Dorothee Soelle’s Radical Political Evensong Credo

Dorothee Soelle’s Radical Political Evensong Credo October 16, 2019

CREDO (from Political Evensong)

I believe in God

who created the world not ready made
like a thing that must forever stay what it is
who does not govern according to eternal laws
that have perpetual validity
nor according to natural orders
of poor and rich,
experts and ignoramuses,
people who dominate and people subjected.
I believe in God
who desires the counter-argument of the living
and the alteration of every condition
through our work
through our politics.

I believe in Jesus Christ
who was right when he
“as an individual who can’t do anything”
just like us
worked to alter every condition
and came to grief in so doing
Looking to him I discern
how our intelligence is crippled,
our imagination suffocates,
and our exertion is in vain
because we do not live as he did

Every day I am afraid
that he died for nothing
because he is buried in our churches,
because we have betrayed his revolution
in our obedience to and fear
of the authorities.
I believe in Jesus Christ
who is resurrected into our life
so that we shall be free
from prejudice and presumptuousness
from fear and hate
and push his revolution onward
and toward his reign

I believe in the Spirit
who came into the world with Jesus,
in the communion of all peoples
and our responsibility for what will become of our earth:
a valley of tears, hunger, and violence
or the city of God.
I believe in the just peace
that can be created,
in the possibility of meaningful life
for all humankind,
in the future of this world of God. Amen

As I’ve been preparing the second installment here in a series on political theology, I’ve been reading about Dorothee Soelle’s Political Evensong movement in Cologne’s St Anthony’s Church in the 60s and 70s. This credo is from that period.

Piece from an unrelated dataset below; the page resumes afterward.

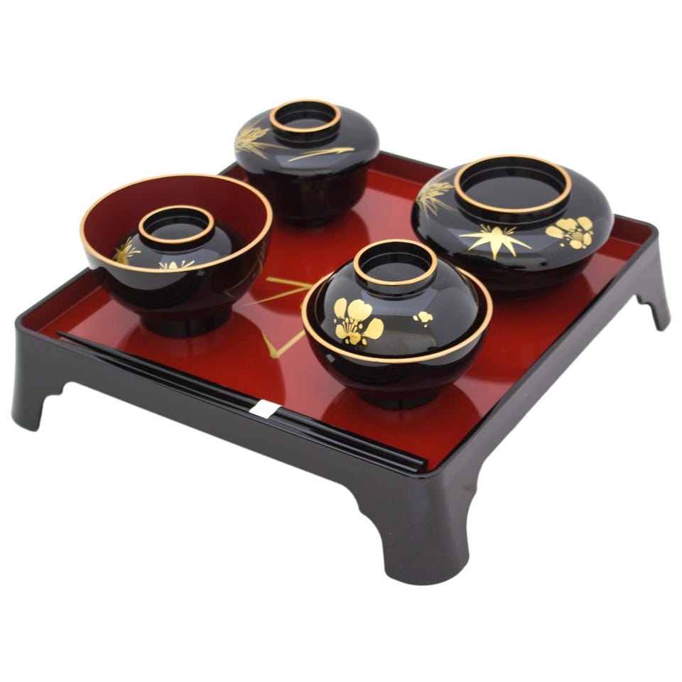 または食べやすい握り飯等汁椀:ハマグリ、鯛、エビなどのお吸い物平椀:季節の煮物つぼ椀:酢の物やお漬物などさっぱりしたもの二の膳:尾頭付きの鯛の丸焼など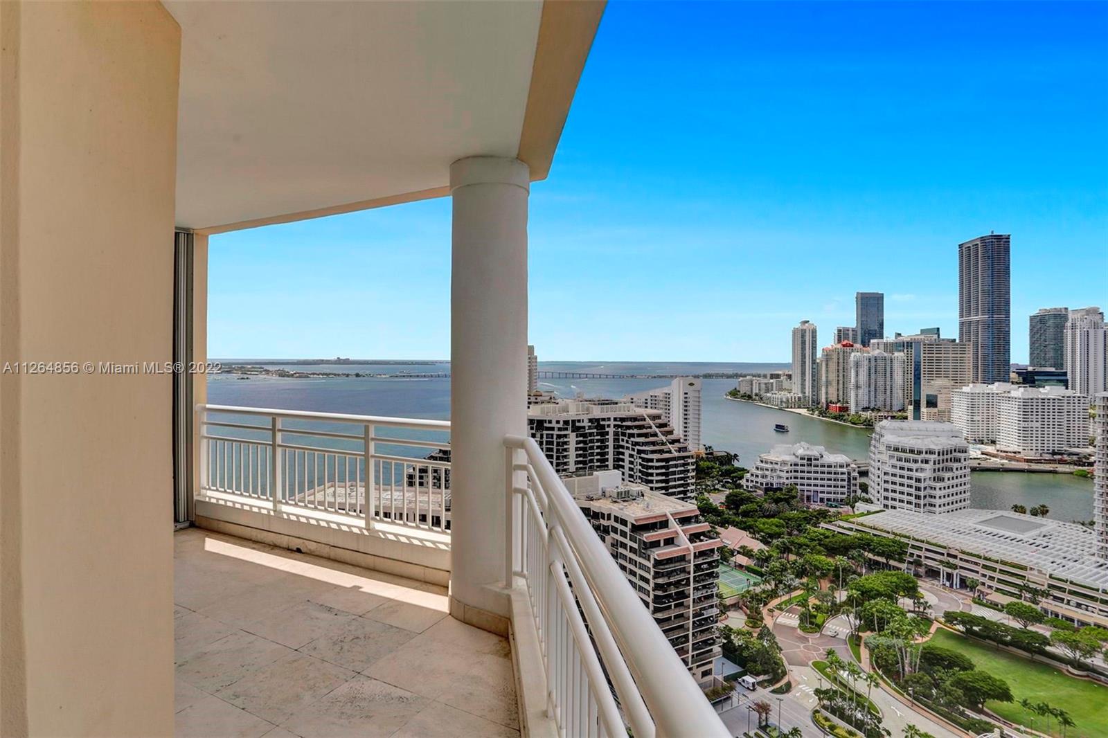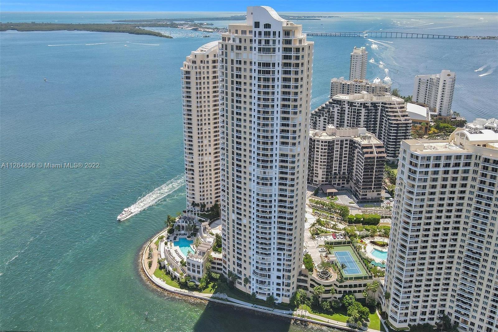 Extraordinary unobstructed views of the bay, river, and astonishing city lights from two wraparound huge balconies providing an 180 degree view. Do not miss out on this corner unit located at exclusive Brickell Key Island. With a well-designed split-floor plan and full of light, this unit provides a unique North and Southwest exposure. Only 6 apartments and 4 elevators per floor. Marble and wood floors, ss appliances, custom closets, laundry area, 2 side by side parking spaces and a storage area. Impact windows and shutters. Unit in excellent condition, ready to move in. Resort-style amenities, including a two-story, fully-equipped fitness center; a bay front pool; a bbq area; tennis, squash, and racquetball courts; a business center; concierge and valet parking services. Easy to show.

These services packed the church. 1000s would attend. However, her leadership and her poetry came at professional cost. In 1972 her professorship at the University of Mainz was not renewed. Many excuses were offered, including a declaration that this credo was “heretical.”

Even the theologian Ernst Käsemann, more to the left and sympathetic of her views, even at one point asked (although he tried to protect her professorship): “Does she really have to make a public statement on every injustice, mobilizing people to action everywhere she goes?”

And then there was this statement, broadcast on the German television network Südwestfunk:

“Frau Soelle reminds us of the task assigned to us by the Gospel that Christiasn are to be advocates of those human beings who cannot speak themselves or assert themselves: because they are handcuffed by the pressures of work, because they are afraid of losing their job, because the coercion to achieve and produce robs them of their humanity, of their imagination. Frau Soelle shows us that Christians must take sides with the lowly, with ordinary people. The real reasons for Frau Soelle’s termination are being suppressed. They are political: Frau Soelle is too leftist. They are theological: Frau Soelle is critical of the perception of God in which God lords it over human beings, beats and chastises them. She says that is a god the powerful wish for. I find her rejection [from her faculty position] scandalous. What must be said here loudly and clearly is being obstructed–but not by the students. It is conservative professors who are doing this.”

Last two quotes excerpted from Renate Wind’s biography, Dorothee Soelle: Mystic and Rebel.